- **What to do**
Nothing but the lines from the one containing "为提高学生安全防范意识,进一" through the last line of the material should appear in the answer, transcribed exactly, pictures excluded.

- **The data**
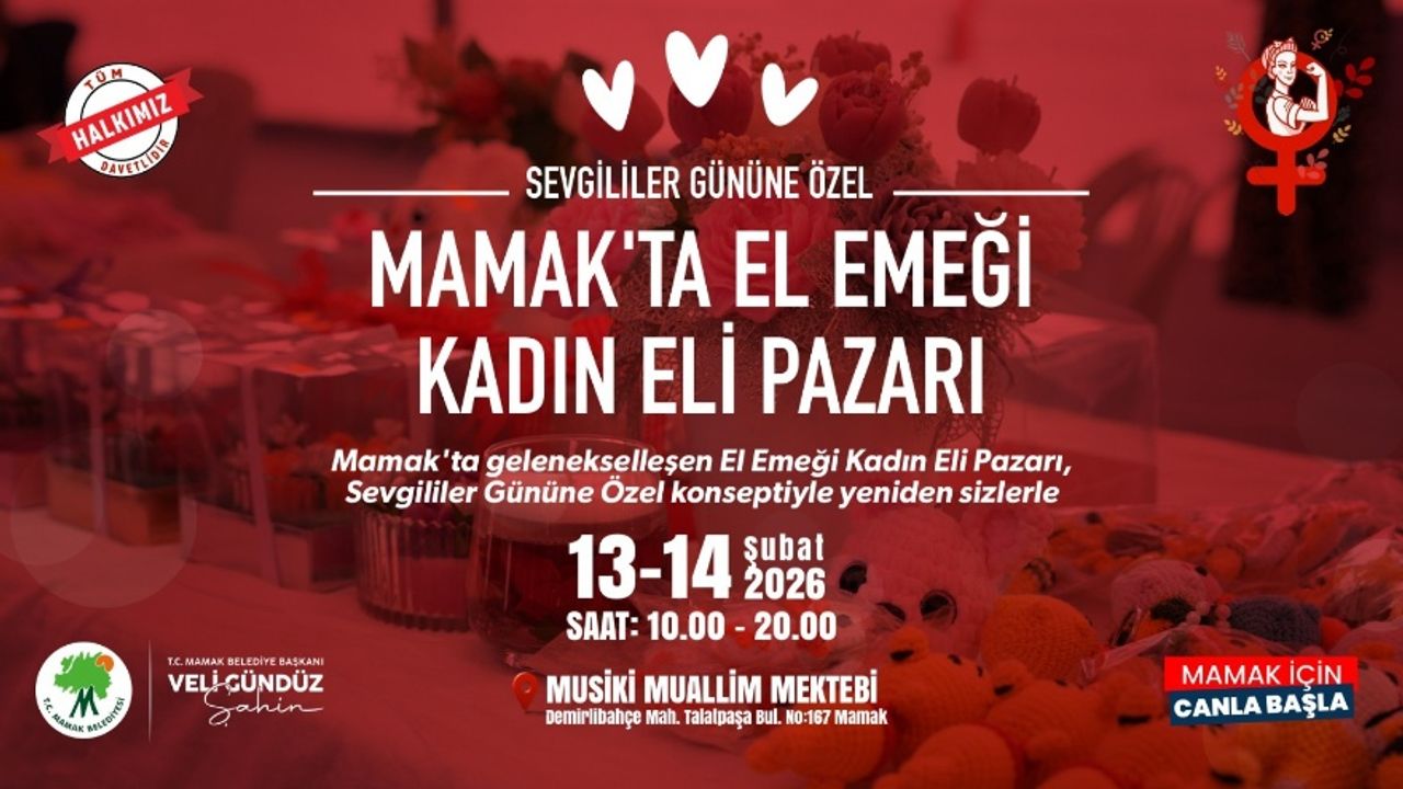 Mamak Belediyesi, kadınların üretime katılımını güçlendirmek ve ev ekonomilerine katkı sağlamak amacıyla uygulamaya koyduğu “El Emeği Kadın Eli Pazarı”nı Sevgililer Günü’ne özel konseptiyle açıyor.
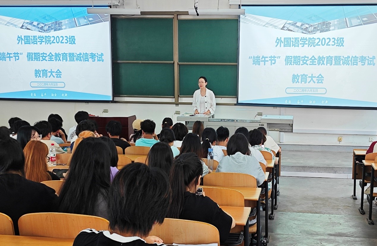 为提高学生安全防范意识,进一步加强学风建设,严肃考风考纪。外国语学院各年级分别于6月5日-6日召开端午假期安全教育暨诚信考试教育大会。
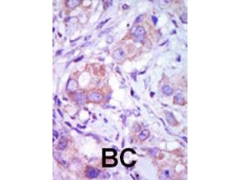 This MLK1 antibody is generated from rabbits immunized with a KLH conjugated synthetic peptide between 1070-1104 amino acids from the C-terminal region of human MLK1.

- **Response**
 为提高学生安全防范意识,进一步加强学风建设,严肃考风考纪。外国语学院各年级分别于6月5日-6日召开端午假期安全教育暨诚信考试教育大会。
 This MLK1 antibody is generated from rabbits immunized with a KLH conjugated synthetic peptide between 1070-1104 amino acids from the C-terminal region of human MLK1.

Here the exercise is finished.